After becoming the youngest person ever to complete a doctorate at Warsaw University, Tarski taught logic at the Polish Pedagogical Institute, mathematics and logic at the University, and served as Łukasiewicz’s assistant. Because these positions were poorly paid, Tarski also taught mathematics at a Warsaw secondary school; before World War II, it was not uncommon for European intellectuals of research caliber to teach high school. Hence between 1923 and his departure for the United States in 1939, Tarski not only wrote several textbooks and many papers, a number of them ground-breaking, but also did so while supporting himself primarily by teaching high-school mathematics. In 1929 Tarski married fellow teacher Maria Witkowska, a Pole of Catholic background. She had worked as a courier for the army in the Polish-Soviet War. They had two children; a son Jan who became a physicist, and a daughter Ina who married the mathematician Andrzej Ehrenfeucht.Feferman & Feferman (2004), pp. 239–242.

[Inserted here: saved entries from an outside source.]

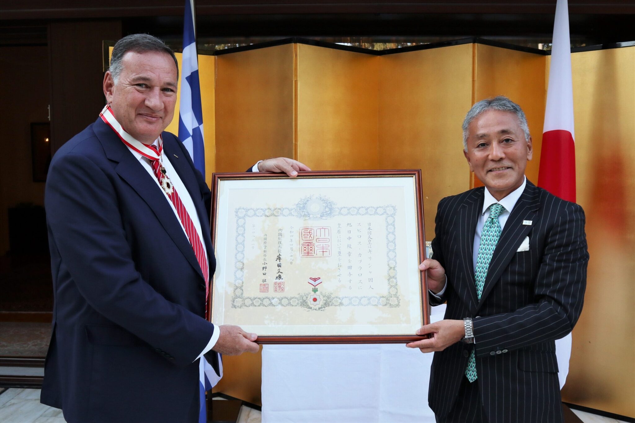Στον Πρόεδρο της Ελληνικής Ολυμπιακής Επιτροπής και μέλος της Διεθνούς Ολυμπιακής Επιτροπής Σπύρο Καπράλο, απονεμήθηκε μία από τις πιο σημαντικές διακρίσεις του ιαπωνικού κράτους σε εξέχουσες προσωπικότητες απ’ όλο τον κόσμο.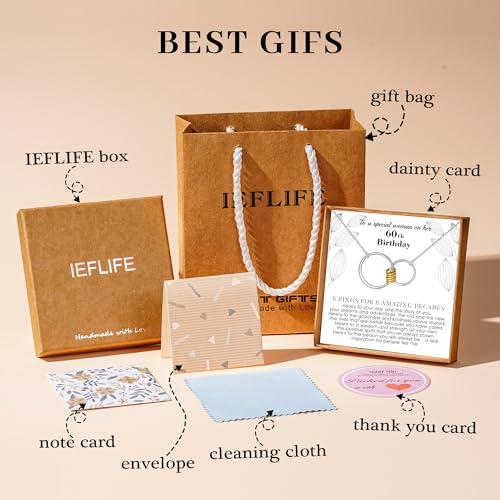 • 60th Birthday Gifts for Women: This necklace is the perfect birthday present for women. It consists of several small circles representing the years and two large circles. The six circles in the middle represent six wonderful ten years, and the two large circles represent the bond between the giver and the recipient. These circles symbolize boundless love, strength, protection and unity. It is very suitable to give to mothers, daughters, granddaughters, grandmothers and friends.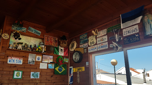 The interior itself is basic wooden stools and tables. You also a view in direction of Faro-Airport, such as the beach. There are also billiard table, darts, table soccer. In case you're smoker, it seems also you might get cigarettes at this place. The decorations on the wall are licenses plates (mostly US). Also there a re other's like an RC plane hanging from the ceiling... Small details that gives it a comfy look.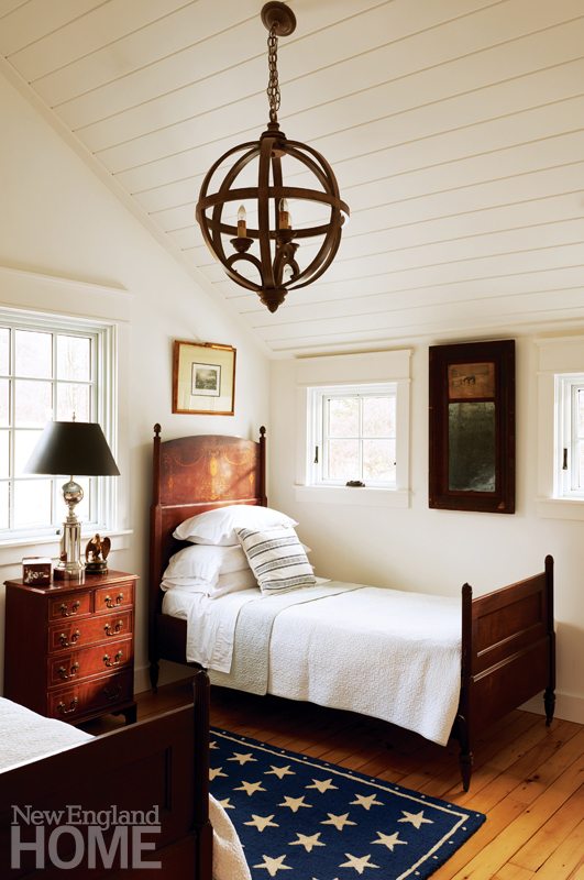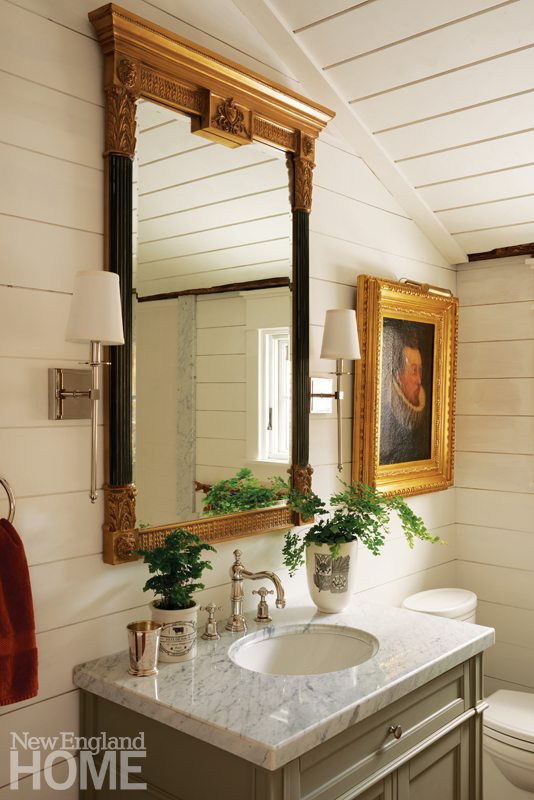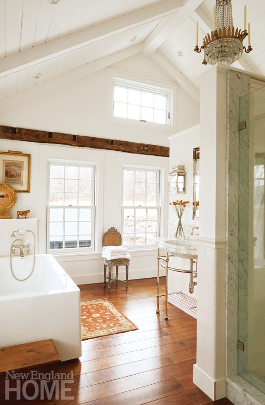 Upstairs, Kalur undertook some significant structural changes. The original layout included five smallish bedrooms, one bath, and an open landing at the top of the rear staircase. Kalur combined two rooms to fashion a large master suite at the front of the house, and removed the back staircase to make space for a second bathroom and laundry room. Both bathrooms are outfitted with fixtures from Perrin & Rowe. “We chose the fixtures because they were inspired by the Edwardian era,” Graham explains. “It was a time when sophistication and elegance were the standards in the finest residences. Yet they are timeless and complement the history of an antique New England Home.”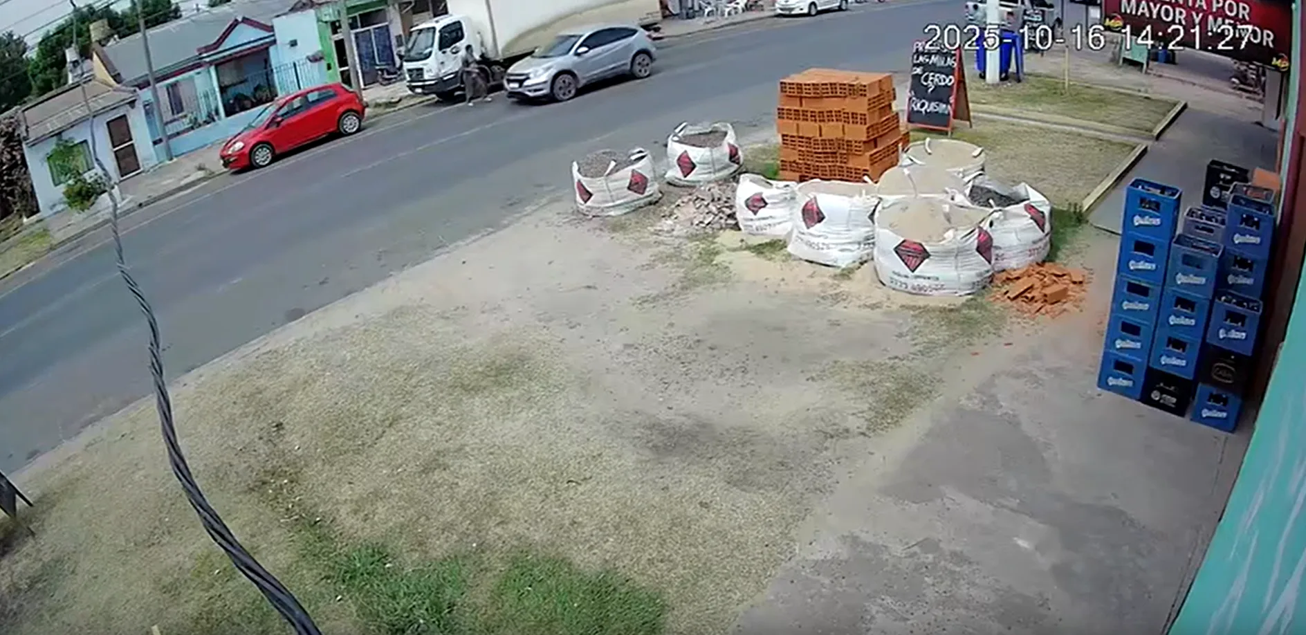 La secuencia completa fue registrada por las cámaras de un comercio cercano, lo que constituye un elemento clave en la investigación policial. En las imágenes puede verse el momento exacto en que el sospechoso sube al camión y luego desciende para escapar junto a su cómplice.

Tarski applied for a chair of philosophy at Lwów University, but on Bertrand Russell’s recommendation it was awarded to Leon Chwistek. In 1930, Tarski visited the University of Vienna, lectured to Karl Menger’s colloquium, and met Kurt Gödel. Thanks to a fellowship, he was able to return to Vienna during the first half of 1935 to work with Menger’s research group. From Vienna he traveled to Paris to present his ideas on truth at the first meeting of the Unity of Science movement, an outgrowth of the Vienna Circle. In 1937, Tarski applied for a chair at Poznań University but the chair was abolished.Feferman & Feferman, pp.102-103 Tarski’s ties to the Unity of Science movement saved his life, because they resulted in his being invited to address the Unity of Science Congress held in September 1939 at Harvard University. Thus he left Poland in August 1939, on the last ship to sail from Poland for the United States before the German and Soviet invasion of Poland and the outbreak of World War II. Tarski left reluctantly, because Leśniewski had died a few months before, creating a vacancy which Tarski hoped to fill. Oblivious to the Nazi threat, he left his wife and children in Warsaw. He did not see them again until 1946. During the war, nearly all his extended family died at the hands of the German occupying authorities.